Note that it computed the correct answer. And I run it again with an argument, to solve with a sparse b:

dima@shorty:/tmp$ ./cholmod-solve2-with-bset xxx
Argument given: solving WITH Bset

CHOLMOD dense:   X:  3-by-1, 
  leading dimension 3, nzmax 3, real, double
  col 0:
         0: 23.889 
         1: -13.333 
         2: 3.9525e-323 
  OK


CHOLMOD sparse:  Xset:  3-by-1, nz 2, up/lo.
  nzmax 3, unsorted, packed, 
  scalar types: int32_t, pattern, double
  col 0: nz 2 start 0 end 2:
         0:
         1:
  nnz on diagonal: 1
  OK

Note that the last value of 5.7143 is missing.

This is on Debian with libcholmod5=1:7.8.3+dfsg-2

Thanks.

This is not a bug, but a design feature in how Bset and Xset work. With Bset and Xset, CHOLMOD is giving you a requested subset of the solution, not the whole solution. That's the purpose of Xset and Bset.

Xset is not saying "the solution is sparse; here is the pattern of X". It is saying "here are the entries of X that I computed; the other entries outside of Xset have not been computed, even if they are present".

The user guide states:

The solution {\tt X}
(a dense column vector) is modified on output, but is defined only in the rows
defined by the sparse vector {\tt Xset}.

and also

The entries in
{\tt Bset} are a subset of {\tt Xset}

In general, for most linear systems, X is a full vector. The goal of the Bset / Xset method is that a subset of X can be computed quickly, without computing all of X. With the Xset output, I tell you which components of X I have computed.

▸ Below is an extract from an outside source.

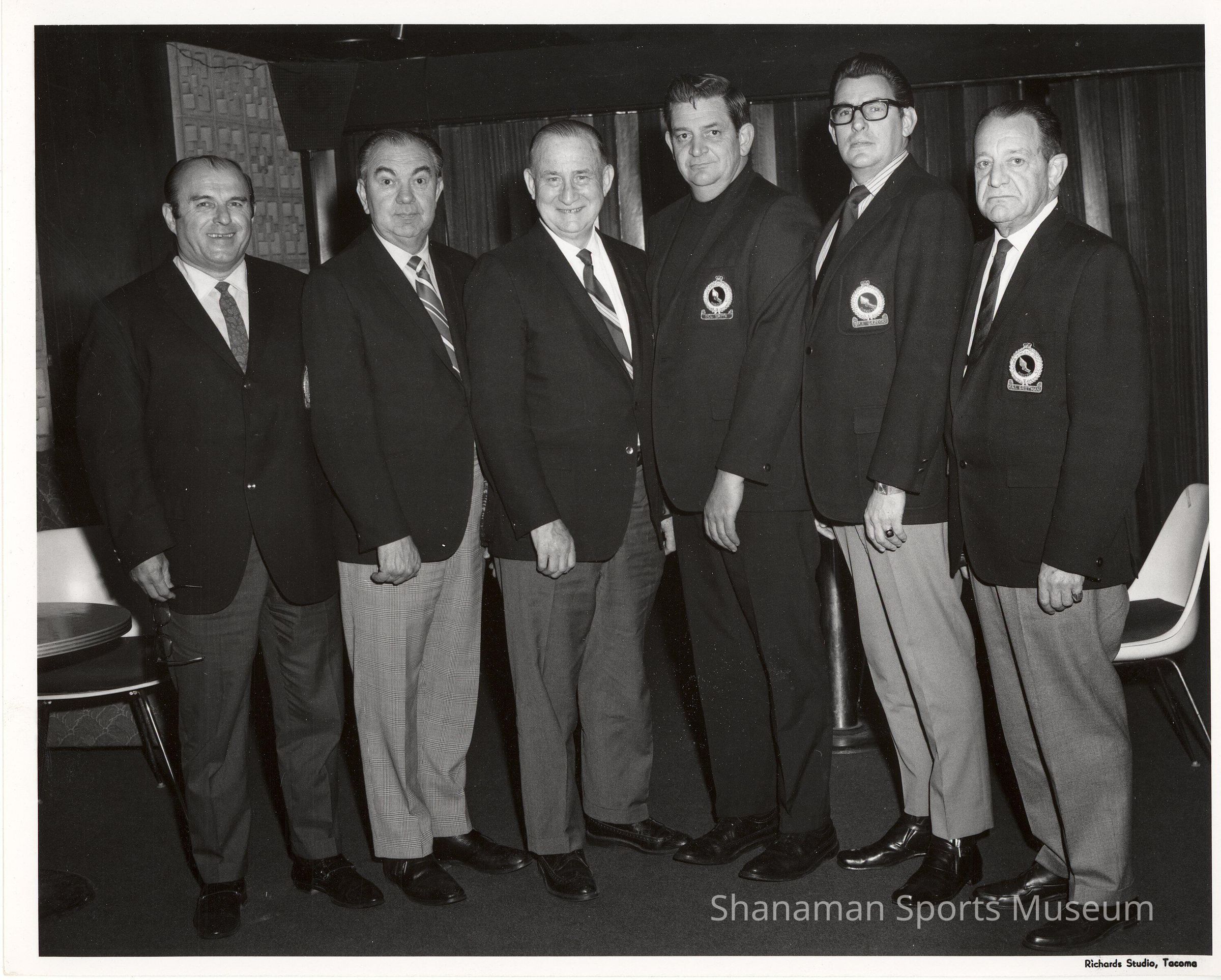 Here is a black-and-white photo of six members of the Tacoma Athletic Commission. They are: standing, George Sheriden, unidentified, John Heinrick, Del Smith, Bill Gazecki and Dill Howell. Heinrick was a legendary coach and he coached football, basketball and baseball in high school and college. His commitment spread over 51 years as a coach, umpire and athletic director. He began his successful coaching career at St. Leo's High School, which is now Bellarmine Prep, and coached there from 1927 to 1934. In 1945, he became the basketball coach at the College of Puget Sound while still coaching football at Stadium High School. He led CPS to a league title in 1948. He is considered to be one of the all-time great coaches in Tacoma. He was inducted in the Tacoma-Pierce County Sports Hall of Fame in 1959.

Xset is determined via a traversal of the elimination tree, starting from nodes in Bset. Xset always includes Bset, so if you want X(3) in this case, you need to set Bset(3).

In otherwords, if you want a subset of X, put the list of entries in X you want to compute into the set Bset. Then Xset will be guaranteed to include all those entries.

Xset is larger than Bset because to compute all entries requested (all X(i) for i in Bset), I have to compute some entries in X outside of Bset. The entries I compute in X are all X(i) for all i in Xset.

I can try to clarify the User Guide to make this more clear.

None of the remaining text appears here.